La piramide distingue bisogni di base e bisogni avanzati.

È necessario soddisfare le esigenze di base prima di procedere a soddisfare le esigenze di livello superiore. 

Una volta che i bisogni fisiologici, di sicurezza, appartenenza e stima sono stati ragionevolmente soddisfatti, si può essere in grado di raggiungere il livello più alto chiamato auto-realizzazione.

Ogni persona è capace e ha il desiderio di avanzare verso il livello di auto-realizzazione. Sfortunatamente, i progressi sono spesso interrotti dal mancato rispetto delle esigenze di livello inferiore.

Le esperienze di vita tra cui un periodo di emergenza globale che comporta restrizioni alla libertà, la perdita del lavoro, l’incrinarsi dei rapporti personali, possono far fluttuare un individuo tra i livelli della gerarchia.

Se non abbiamo soddisfatto i bisogni di un livello più vicino alla base della piramide, non riusciremo a motivare noi stessi abbastanza per inseguire i bisogni vicini alla punta della piramide. 

Il che non significa che non proviamo anche i bisogni più alti, che saranno anch’essi lì a spingere per essere soddisfatti, ma la motivazione necessaria per soddisfarli ci mancherà, perché è concentrata sui bisogni primari.

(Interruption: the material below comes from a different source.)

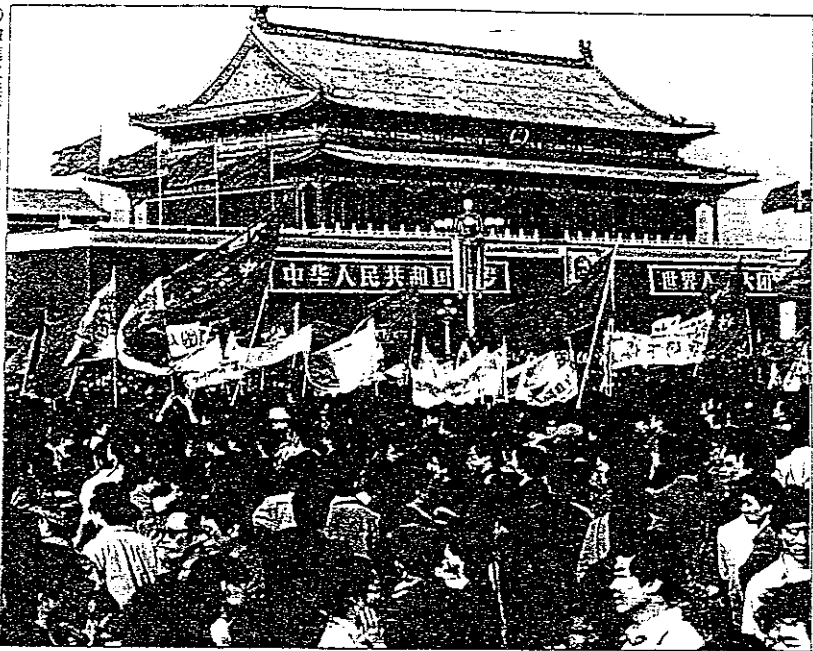
◎激進主義所引起的社會混亂是複雜的，是促使大陸民眾重新思考原有意識形態的起點。

La piramide di Maslow include (dalla base della piramide alla punta): 

  • bisogni più vicini al nostro istinto di sopravvivenza che includono il bisogno di cibo, acqua, sonno, vestiti, sesso, equilibrio psicofisico e riparo. La necessità che il corpo lavori all’unisono per realizzare il compito della sopravvivenza di base. Una parte del cervello umano, chiamato ipotalamo, svolge un ruolo importante nel mantenere il corpo regolato controllando il termostato del corpo, che è controllato dal rilascio di diversi ormoni chiamati gonadotropina;
  • il bisogno di sicurezza riguarda una necessità più psicologica. Le esigenze di sicurezza possono essere diverse per ogni individuo, a seconda del momento di vita. Spesso, per gli adulti, questa esigenza può essere di natura economica, come ad esempio in seguito alla perdita del lavoro. In momenti di emergenza globale, ci blocchiamo a questo livello di necessità. La paura può ostacolare la capacità di passare ai bisogni più avanzati della piramide;
  • la dimensione sociale riguarda la necessità di essere importanti per qualcuno, di dare e avere amore dal gruppo di lavoro, dalla famiglia, dagli amici, dalla relazione sentimentale;
  • i bisogni legati alla nostra autostima includono il bisogno di essere riconosciuti per le nostre qualità, stimati dal prossimo, valorizzati per i nostri sforzi, rispettati per quel che siamo, essere indipendenti, raggiungere un certo status e prestigio; 
  • una volta soddisfatti tutti i bisogni inferiori, l’essere umano trova la giusta motivazione per andare oltre. Emerge a questo punto il bisogno di sviluppare ed affinare i nostri talenti e di realizzare obiettivi di vita importanti. Spesso, a questo livello, l’individuo si dedica all’altruismo, alla comunione col mondo e alla propria crescita nella dimensione spirituale.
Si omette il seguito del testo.